Hot with anger at the insolence of the outlaw though he was, de Sancerre controlled his temper and said calmly, but in a tone of voice which had a restraining effect upon the bushranger:

“’Tis a long story, Jacques! I found a Spanish princess in a city built by devils. You’ve come to me in time to take a hand in a merry little war between the sun and moon. No, Jacques! You’re wrong. I can read your mind at once. You think the wilderness has robbed me of my wits. But come! There is much to do, and I must question you about my captain and why I find you here alone. Bring that nut-fattened turkey up the hill, and we will work and talk and make what plans we may.”

The outlaw, whose life had been one long protest against the authority of other men, arose from the ground, with lazy nonchalance, and gazed down at the wild-fowl which de Sancerre had shot. The Frenchman had turned away and was breaking his path through the long, dry grass toward the crest of the hill, from which Doña Julia had been watching a rencontre the outcome of which she had no way of predicting.

Jacques Barbier gazed alternately upward at the retreating figure of de Sancerre and downward at the wild turkey at his feet. Then, with a protesting smile upon his symmetrical, but half-savage, face, he bent down and raised the fat fowl to his shoulder and followed Monsieur le Comte toward the King’s Column. De Sancerre had gained for a time—short or long, as the case might be—an ally whose woodcraft was as brilliant as his lawlessness was incorrigible.

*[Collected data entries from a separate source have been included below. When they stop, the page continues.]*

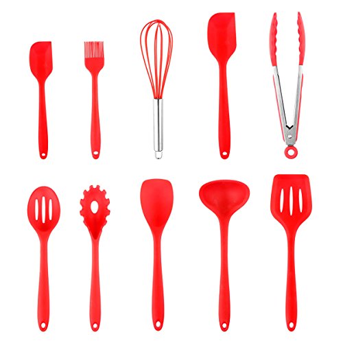 COOKING UTENSILS SET: Stain and odor resistant, Spoon, Brush, Whisk, Large Spatula, Small Spatula, Ladle, Slotted Turner, Slotted Spoon, Tongs, Pasta Fork.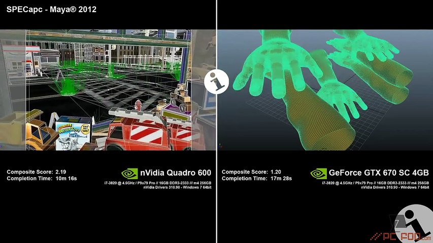 Nvidia Quadro 600 Vs Gtx 670 Sc 4gb In Specapc For Maya 2012 Pcfoo Com Youtube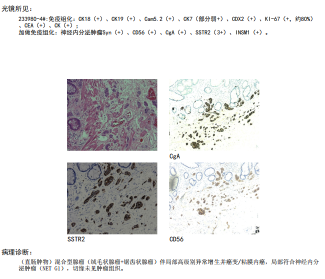 但是几天后,陈叔的病理报告却令东谈主大吃一惊!扫尾表露,陈叔的病灶切缘是未见肿瘤组织的,代表依然是调节性切除,成果相称理念念,随访即可。但是,从组织因素来看,这个直肠病灶归拢三种肿瘤因素,包括绒毛状腺瘤+锯齿状腺瘤(伴局部高等别很是增生并癌变/黏膜内癌)+神经内分泌瘤(NET G1),查阅泰斗文件可知,这是一种相称零碎的病例!如若此次莫得实时内镜休养,后果真实不胜设念念!
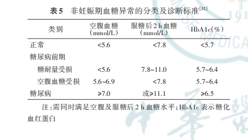 建议所有GDM妇女产后行75 g OGTT,测定空腹及服糖后2 h血糖水平,并按照2020年ADA的标准[5]明 确 有 无 糖 代 谢 异 常 及 其 种 类 。 见 表 5。OGTT 比单纯的 FPG 测定更能够检出糖耐量受损(impaired glucose tolerance,IGT)的妇女。HbA1c水平有可能会由于产时失血、孕晚期严格控制血糖而导致结果不够准确,因此,产后推荐行 75 g OGTT优于FPG和HbA1c检测。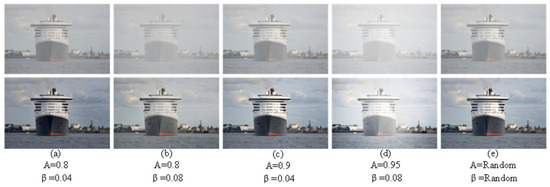 In order to verify the robustness of the model against different haze densities, the following experiments are designed. In the experiment, the conditions of light, moderate, and heavy haze were simulated by setting different atmospheric light values (A) and scattering coefficients (β). Specifically, A is set to 0.8, 0.9, 0.95, and Random, where “Random” represents a random selection in the range of [0.8–1.0]. The β is set to 0.04, 0.08, and Random, where ”Random” represents a random selection in the range of [0.04–0.08].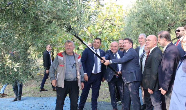 Konuşmaların ardından kooperatife ait zeytinliklerde hasat başladı. Zeytin ağaçlarının altına serilen mavi yaygılar, gökyüzünden bakıldığında halı desenini andıran etkileyici bir görüntü oluşturdu. Ağaçlar tek tek silkelenerek düşen zeytinler kasalara toplandı. Kaymakam Ayhan Terzi ve Marmarabirlik Başkanı Ali Yıldız da zeytin silkeleme makineleriyle hasada katılarak üreticilere destek verdi.

Jubilate, señora,” cried the count, as he approached Doña Julia. “The saints have been more than kind! They have filled our larder, doubled our fighting force, and made me younger by ten years. But, señora, ’tis not a pious friend whom I have found! This same Jacques Barbier’s a devil, in his way. Wear this, my dagger, at your waist, ma chère! I know that you dare use it, should the need arise.”